Future-dated values do not affect today's calculation until their effective date arrives.

Example:

  • Today is May 1.
  • Current position wage rate: $25.00
  • Future wage rate effective July 1: $28.00

Result:

  • May 1 calculation uses $25.00.
  • July 1 calculation uses $28.00.

Retroactive value

If a past effective date is entered, calculations for that past period can change.

Example:

  • A wage rate of $26.00 is entered with an effective start of January 1.
  • Reports for February use $26.00 after the value is approved.

Retroactive changes can affect historical summaries and reports because they change the value that applied on those dates.

Summary examples

Staffing Strategy overview values are point-in-time annualized run-rate values for the selected As of date. Planning reports are the place to review allocated period amounts across a date range.

In the Staffing Strategy overview and the position Calculation detail tab, FTE, headcount, position cost, and incumbent cost are the values that are active on the selected As of date. The cost columns are annualized run rates, not month-to-date, year-to-date, or fiscal-year amounts. In period reports, FTE and headcount are day-weighted averages because they represent staffing levels, and costs are allocated as period amounts. FTE values and FTE adjustment impacts are calculated to four decimal places, while currency results round to cents.

Annualized cost is calculated first:

FTE = schedule paid weekly hours / weekly hours per FTE
annualized cost = adjusted wage rate x FTE x annual hours per FTE

Reports then allocate the annualized amount into the selected date range. The default allocation method is Actual calendar days. Some reports can also use Even monthly when you want full months to be smoothed instead of seasonally weighted by calendar days.

Point-in-time summary

An effective-date summary asks, "What annualized run rate is true on this date?"

Example:

  • Effective date: July 1
  • Position FTE on July 1: 0.5000
  • Annualized run-rate cost on July 1: $26,000.00

Result:

  • FTE: 0.5000
  • Annualized position cost: $26,000.00

The cost is not prorated because the summary is a point-in-time annualized run-rate view. To see how much cost belongs to a month, quarter, fiscal year, or other date range, run a planning report with the needed date range and cost allocation method.

Actual calendar-day allocation

Actual calendar days is the default. It uses each day's actual share of its calendar year.

Example:

  • Annualized cost: $52,000.00
  • February 2024: 29 days in a 366-day year
  • February 2025: 28 days in a 365-day year

Calculation:

February 2024 = $52,000.00 x 29/366 = $4,120.22
February 2025 = $52,000.00 x 28/365 = $3,989.04

A full January 1 through December 31 leap-year report still equals one annualized amount when nothing changes during the year. The leap year has one more day, but each day is a slightly smaller share, so the full year adds back to $52,000.00.

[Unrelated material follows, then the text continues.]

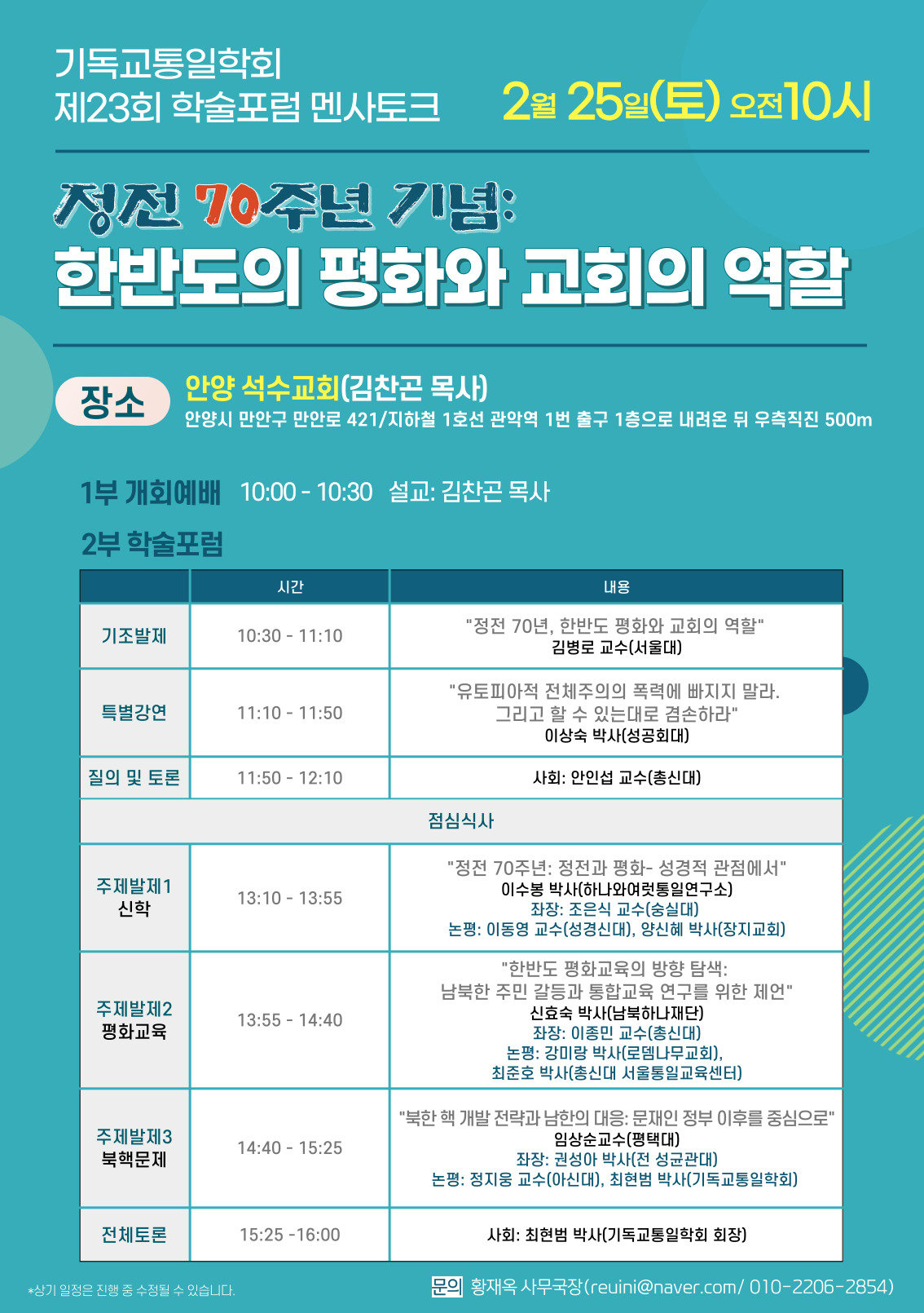 이번 학술포럼은 <정전 70주년 기념:한반도의 평화와 교회의 역할>을 주제로 열린다.

When a range crosses calendar years, FTE Tree calculates each calendar year's portion separately. For example, December 31, 2024 through January 1, 2025 uses one day at 1/366 and one day at 1/365.

Even monthly allocation

Even monthly smooths full months to 1/12 of annualized cost. This can be useful when your reporting process expects every full month to carry the same budget amount.

Example:

  • Annualized cost: $52,000.00
  • Report grouping: month
  • Allocation method: Even monthly

Calculation:

Full month share = $52,000.00 x 1/12 = $4,333.33 before final reconciliation

Because cents must reconcile, most months show $4,333.33 and the final included segment absorbs the rounding difference so the selected range totals exactly $52,000.00.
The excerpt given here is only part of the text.